# Data section

• • • • • • •

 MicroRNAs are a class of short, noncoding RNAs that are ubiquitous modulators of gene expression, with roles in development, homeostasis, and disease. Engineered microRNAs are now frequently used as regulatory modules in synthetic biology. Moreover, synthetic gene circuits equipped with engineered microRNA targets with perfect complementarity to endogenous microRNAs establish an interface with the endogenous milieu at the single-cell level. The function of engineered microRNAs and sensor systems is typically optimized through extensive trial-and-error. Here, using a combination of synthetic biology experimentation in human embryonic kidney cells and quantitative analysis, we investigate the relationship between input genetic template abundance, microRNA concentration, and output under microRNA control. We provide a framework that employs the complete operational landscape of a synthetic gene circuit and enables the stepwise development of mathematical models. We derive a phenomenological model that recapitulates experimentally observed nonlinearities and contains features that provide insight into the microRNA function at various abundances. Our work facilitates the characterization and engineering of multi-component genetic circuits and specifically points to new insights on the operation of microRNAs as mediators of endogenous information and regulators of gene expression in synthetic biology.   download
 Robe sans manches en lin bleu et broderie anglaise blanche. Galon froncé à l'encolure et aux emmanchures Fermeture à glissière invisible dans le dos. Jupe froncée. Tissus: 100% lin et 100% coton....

• • • • • • •

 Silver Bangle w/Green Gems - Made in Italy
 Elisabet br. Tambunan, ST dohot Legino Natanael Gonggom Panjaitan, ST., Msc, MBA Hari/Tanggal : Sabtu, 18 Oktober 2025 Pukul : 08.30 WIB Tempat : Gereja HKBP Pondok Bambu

• • • • • • •

# What is required
Take from the material above the lines running from the one with "MicroRNAs are a" through the one with "Robe sans manches", and repeat them exactly, with nothing else.

# Exercise response
 MicroRNAs are a class of short, noncoding RNAs that are ubiquitous modulators of gene expression, with roles in development, homeostasis, and disease. Engineered microRNAs are now frequently used as regulatory modules in synthetic biology. Moreover, synthetic gene circuits equipped with engineered microRNA targets with perfect complementarity to endogenous microRNAs establish an interface with the endogenous milieu at the single-cell level. The function of engineered microRNAs and sensor systems is typically optimized through extensive trial-and-error. Here, using a combination of synthetic biology experimentation in human embryonic kidney cells and quantitative analysis, we investigate the relationship between input genetic template abundance, microRNA concentration, and output under microRNA control. We provide a framework that employs the complete operational landscape of a synthetic gene circuit and enables the stepwise development of mathematical models. We derive a phenomenological model that recapitulates experimentally observed nonlinearities and contains features that provide insight into the microRNA function at various abundances. Our work facilitates the characterization and engineering of multi-component genetic circuits and specifically points to new insights on the operation of microRNAs as mediators of endogenous information and regulators of gene expression in synthetic biology.   download
 Robe sans manches en lin bleu et broderie anglaise blanche. Galon froncé à l'encolure et aux emmanchures Fermeture à glissière invisible dans le dos. Jupe froncée. Tissus: 100% lin et 100% coton....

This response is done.